- **Work instructions**:
Although the records contain pictures, none belong in the copy: restate word for word only the lines from the one with "After writing this" through the one with "With exceptional dial", both included.

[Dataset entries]
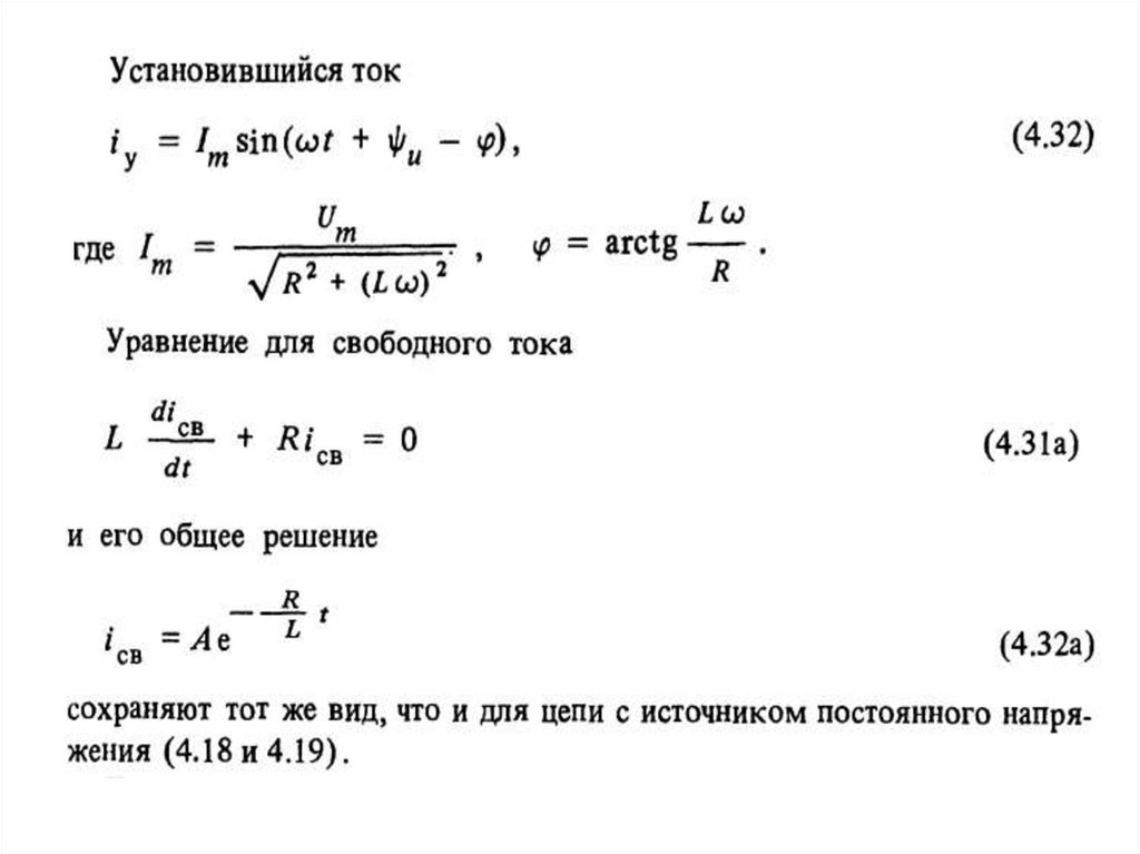 Подключение индуктиной катушки к источнику синусоидального напряжения
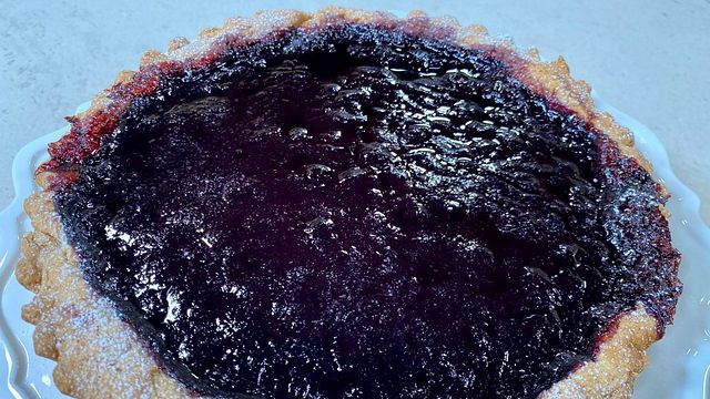 Stendete la frolla e mettetela in teglia su carta forno, farcite con 300 grammi di confettura (nella ricetta alle ciliegie). Infornate a 180 gradi per 40 minuti. A piacere, prima di servire, spolverizzate con dello zucchero a velo.
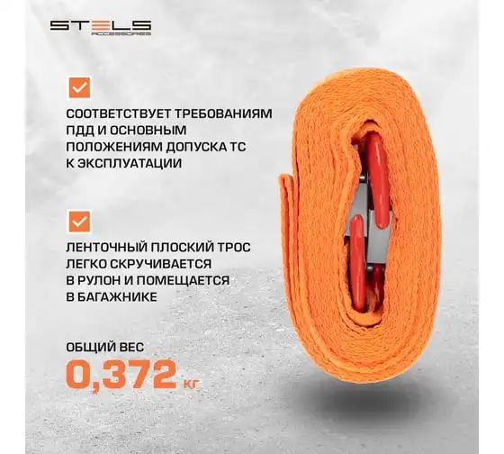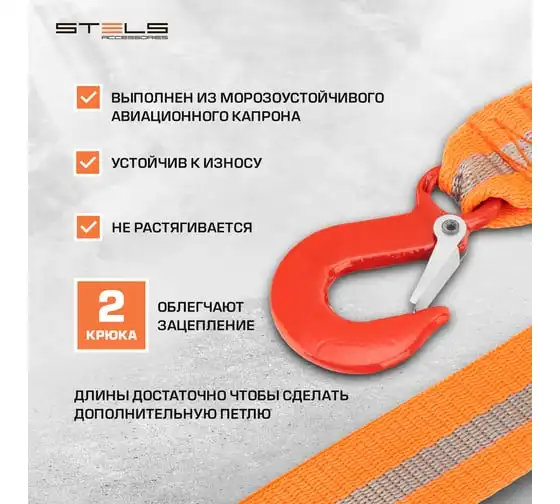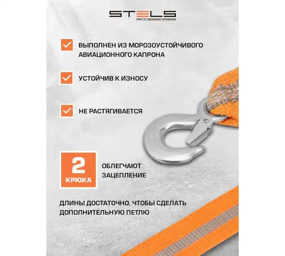 Трос буксировочный (3,5 тонны; 2 крюка) STELS 54379
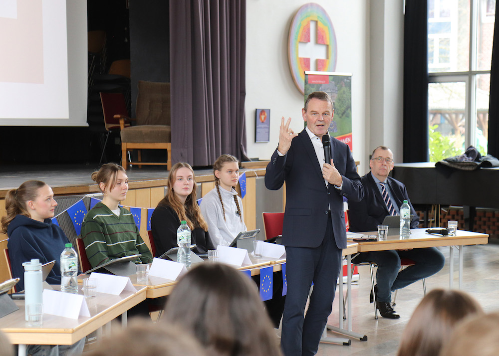Ostbevern. – Ob es um Wirtschaft, Sicherheit, Migration, Verteidigung oder Klimaschutz geht, in diesen und weiteren Fragen „wird die Bundestagswahl entscheidend, sie wird ihr Leben berühren“: Dies betonte Dr. Fritz Jaeckel gegenüber Schülerinnen und Schülern der Jahrgangsstufen Q2, EF und 10 auf der Loburg in Ostbevern. Anlässlich des Europatags hatte das Gymnasium den Hauptgeschäftsführer der IHK Nord Westfalen zur Podiumsdiskussion eingeladen. Zwei Stunden lang tauschte sich Jaeckel mit den gut informierten und gut vorbereiteten Jugendlichen aus, oft mit Blick auf die bevorstehende Wahl, immer aus einer europäischen Perspektive. „Werden Sie politisch aktiv, setzen Sie sich ein, vertreten Sie Ihre Positionen“, appellierte er.
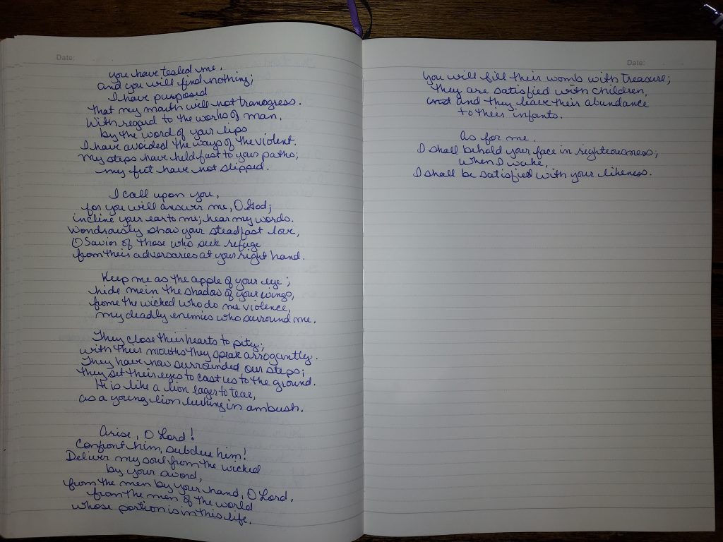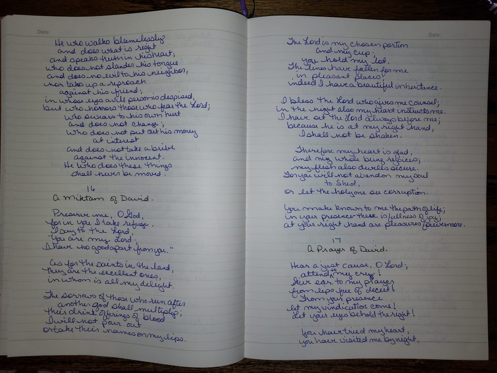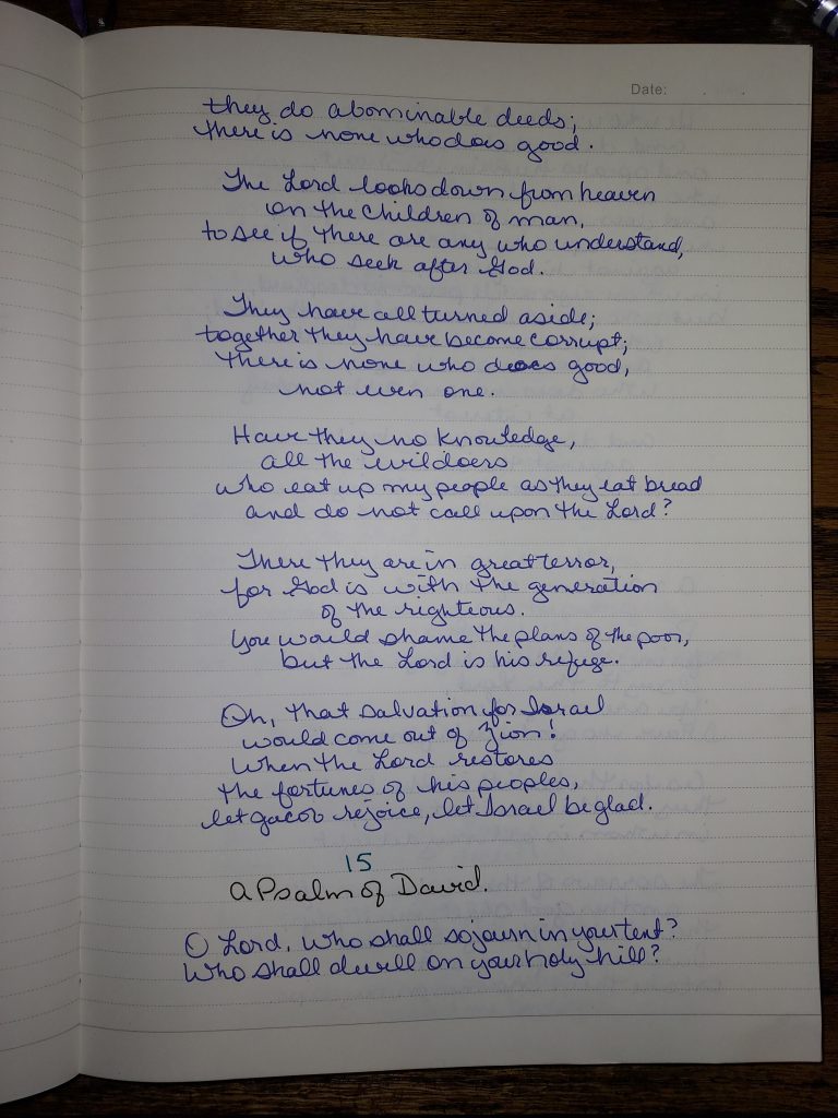 After writing this Psalm, it made me think, “no wonder David had such a good heart.” This is a great way to stay focused on what is important. I want to sojourn in His tent. I want to dwell on His holy hill. I am so blessed we have Christ to help in areas I fail.
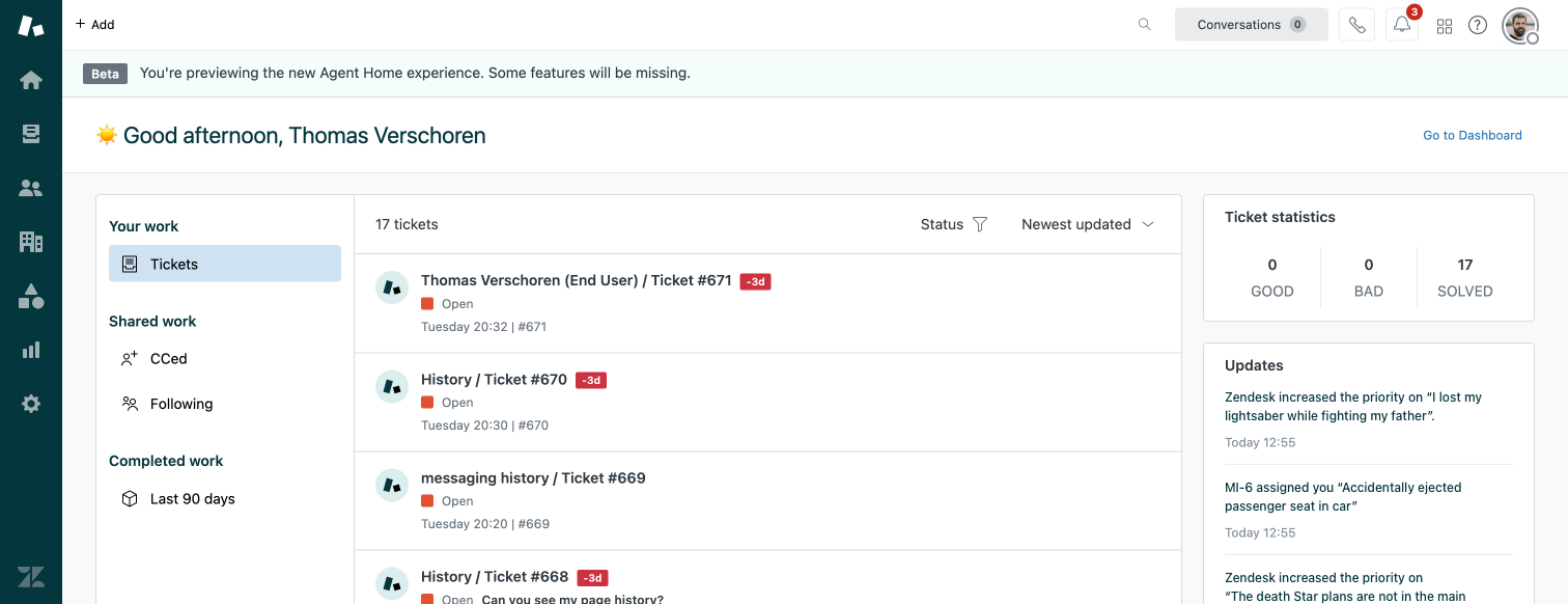 A few weeks ago one of the product managers at Zendesk reached out to me to show a new concept they were working on and ask for some initial feedback. That concept turned out to be the new Agent Home. I had already seen some earlier versions of this new idea in slide decks, but apparently the new Agent Home was not only almost ready, but the beta was launched a few weeks later.
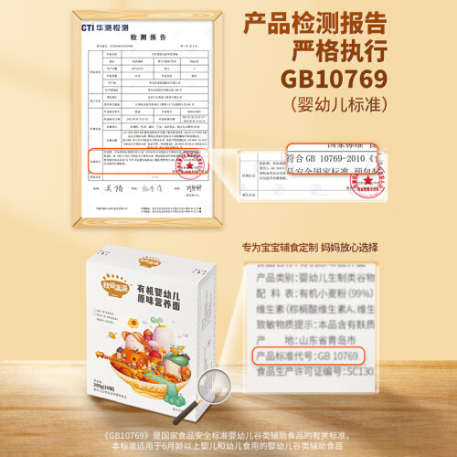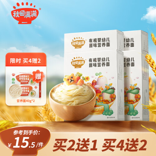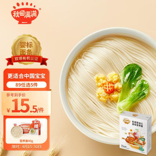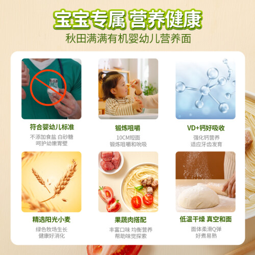 这款秋田满满 婴儿有机营养面 200g,选用新疆有机小麦,不实用化肥和农药,执行国家标准,不添加食用盐,易煮好吞咽。精心调配50余次配方,结合中国宝宝现状,开发4段式喂养,看成分,除了宝宝发育必须营养素,我们甄选蔬菜和肉类融入面条,组合搭配多种口味,选你所需,看背书,婴标和全线有机并不是所有,辅食面条都具备,但秋田满满有。
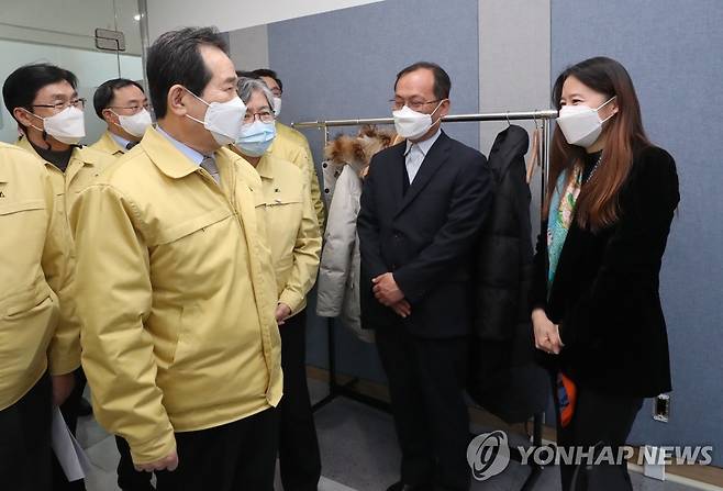 (청주=연합뉴스) 김주형 기자 = 정세균 국무총리가 신종 코로나바이러스 감염증(코로나19) 예방접종 준비상황을 점검하기 위해 12일 오후 청주시 흥덕구 국립의과학지식센터에 마련된 코로나19 예방접종 대응 추진단을 방문해 관계자들을 격려하고 있다. 2021.1.12
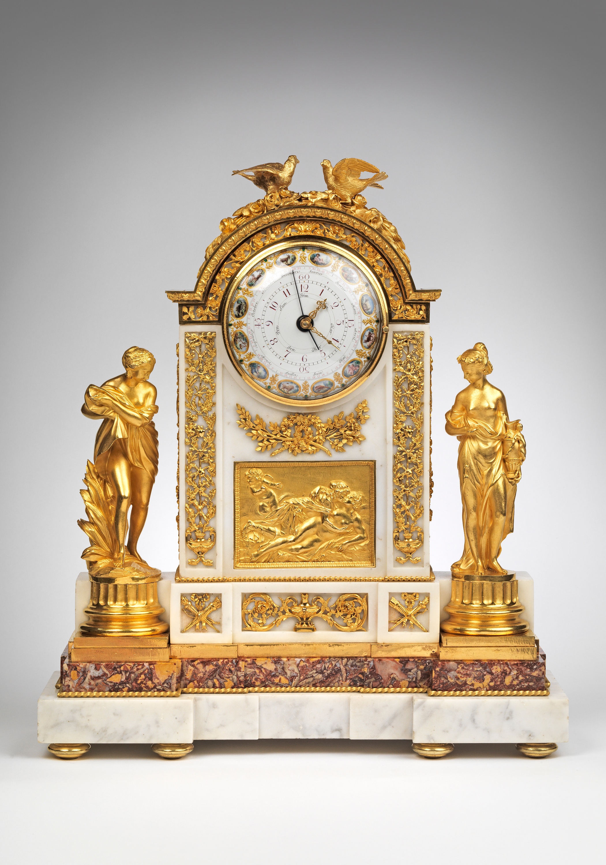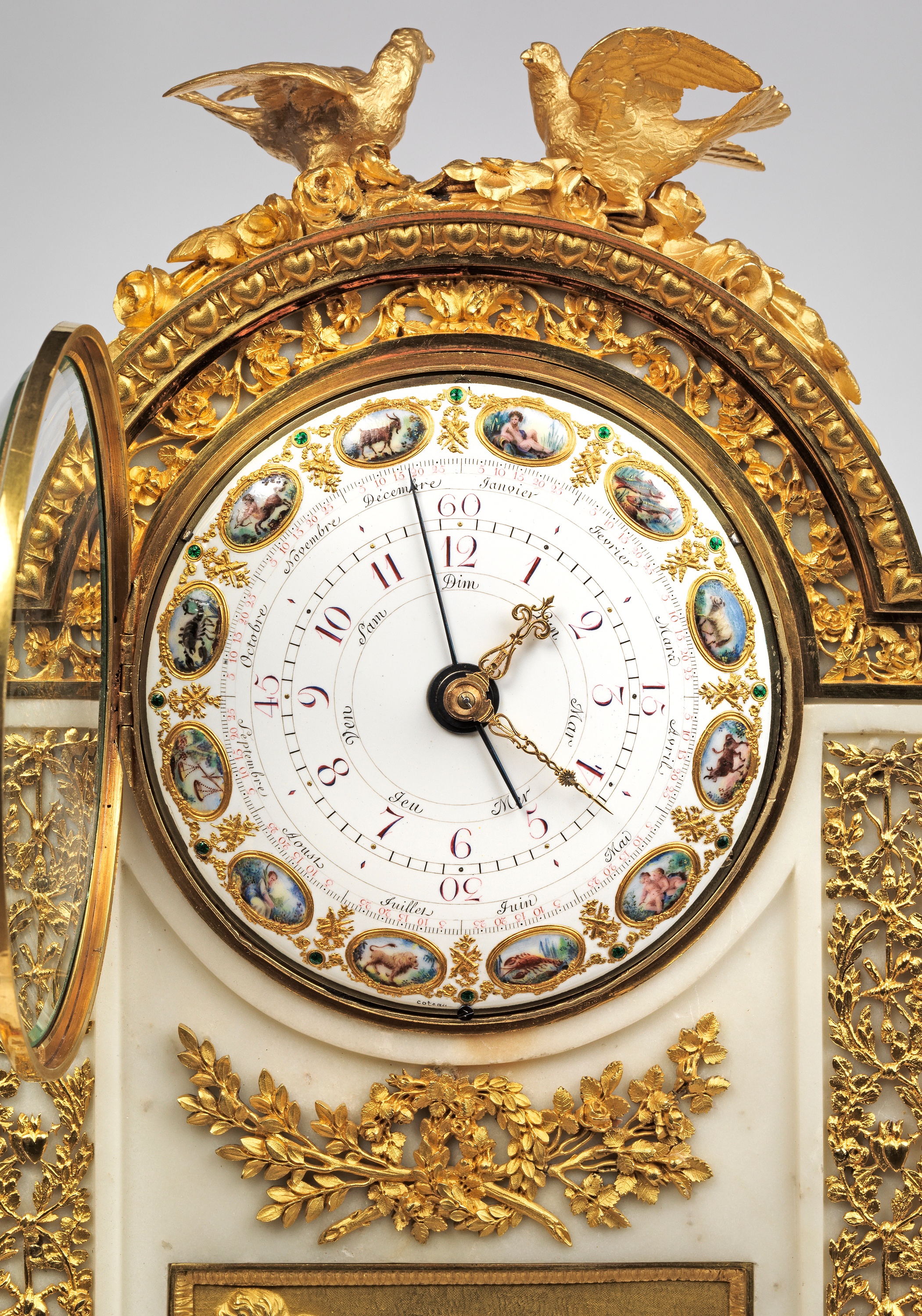 With exceptional dial with Zodiac symbols done in extraordinary detail framed by raised gilt decorative elements divided by a very small green enamel star. The movement with hands showing the time, the day of the month and the day of the week. The case flanked by two gilded bronze statuettes of nymphs in the taste of Etienne-Maurice Falconet. On a Spanish Broccatello base above a Carrara marble supported on six domed feet. Written on the back of the dial “Coteau f Xbre 1777 indicating that it was made in October 1777.
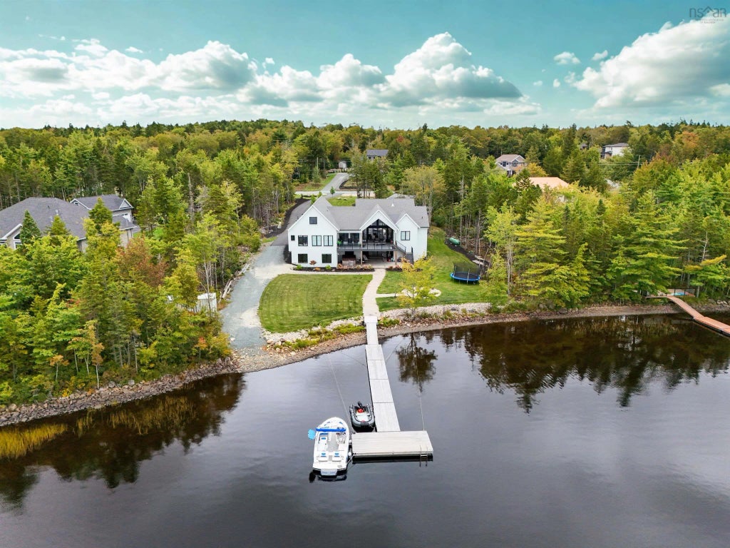 EXECUTIVE LAKEFRONT HOME ON McCABE LAKE! Sit back, relax, and picture yourself living the East Coast dream at your stunning 1.3-acre lakeside paradise. Nestled in the highly sought-after Indigo Shores subdivision, this executive home offers 239 feet of pristine, private waterfront on the crystal-clear waters of McCabe Lake. As you step through the front door, you’re welcomed by a bold, bright space that captures lake views from nearly every vantage point. The main floor features a spacious, central great room with majestic vaulted ceilings, elegant archways, exposed beams, built-ins, and a beautiful brick hearth with propane fireplace—ideal for entertaining or cozy family nights. Just off the great room is a stylish sitting area and dining space perfect for hosting guests. The kitchen is a true showpiece, featuring custom cabinetry, quartz countertops, side-by-side fridge/freezer, farmhouse sink, gas stove, and a jaw-dropping 10’ island. The oversized walk-in pantry includes open shelving, prep counters, bar fridge, and an extra sink. Three generous bedrooms are located on one side of the main floor, while the luxurious primary suite is privately tucked away on the opposite end. Vaulted ceilings, wood beams, lake views, a feature wall, massive walk-in closet, and a spa-like ensuite with soaker tub and custom tile shower complete this retreat. A large laundry/mudroom with extensive storage connects to the attached double garage. Downstairs is a massive family room with custom millwork, kitchenette, guest suite, craft room, office, bonus room, storage, gaming room, and a whimsical kids' play space under the stairs. A gym with rubber flooring and wall-hung water fountain completes the space. Outside: a triple detached garage with 500 sqft roughed-in suite, boat storage, boat launch, floating dock, firepit, and a covered deck with incredible lake views. This section of McCabe is known for depth, boatability & serenity. Book your showing today!
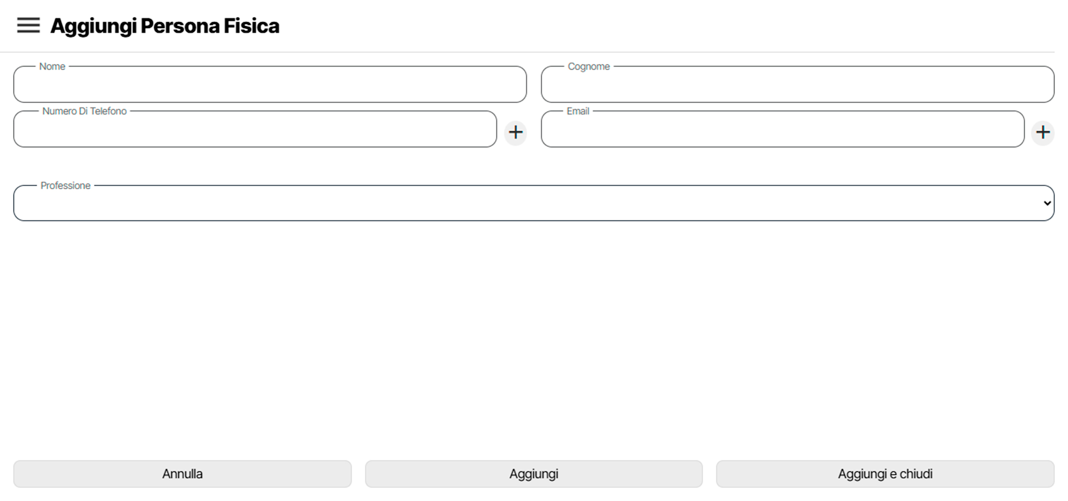 Nella pagina di aggiunta persona, l’utente può creare un nuovo record per:

- **Reply to the exercise**:
 After writing this Psalm, it made me think, “no wonder David had such a good heart.” This is a great way to stay focused on what is important. I want to sojourn in His tent. I want to dwell on His holy hill. I am so blessed we have Christ to help in areas I fail.
 A few weeks ago one of the product managers at Zendesk reached out to me to show a new concept they were working on and ask for some initial feedback. That concept turned out to be the new Agent Home. I had already seen some earlier versions of this new idea in slide decks, but apparently the new Agent Home was not only almost ready, but the beta was launched a few weeks later.
 这款秋田满满 婴儿有机营养面 200g,选用新疆有机小麦,不实用化肥和农药,执行国家标准,不添加食用盐,易煮好吞咽。精心调配50余次配方,结合中国宝宝现状,开发4段式喂养,看成分,除了宝宝发育必须营养素,我们甄选蔬菜和肉类融入面条,组合搭配多种口味,选你所需,看背书,婴标和全线有机并不是所有,辅食面条都具备,但秋田满满有。
 (청주=연합뉴스) 김주형 기자 = 정세균 국무총리가 신종 코로나바이러스 감염증(코로나19) 예방접종 준비상황을 점검하기 위해 12일 오후 청주시 흥덕구 국립의과학지식센터에 마련된 코로나19 예방접종 대응 추진단을 방문해 관계자들을 격려하고 있다. 2021.1.12
 With exceptional dial with Zodiac symbols done in extraordinary detail framed by raised gilt decorative elements divided by a very small green enamel star. The movement with hands showing the time, the day of the month and the day of the week. The case flanked by two gilded bronze statuettes of nymphs in the taste of Etienne-Maurice Falconet. On a Spanish Broccatello base above a Carrara marble supported on six domed feet. Written on the back of the dial “Coteau f Xbre 1777 indicating that it was made in October 1777.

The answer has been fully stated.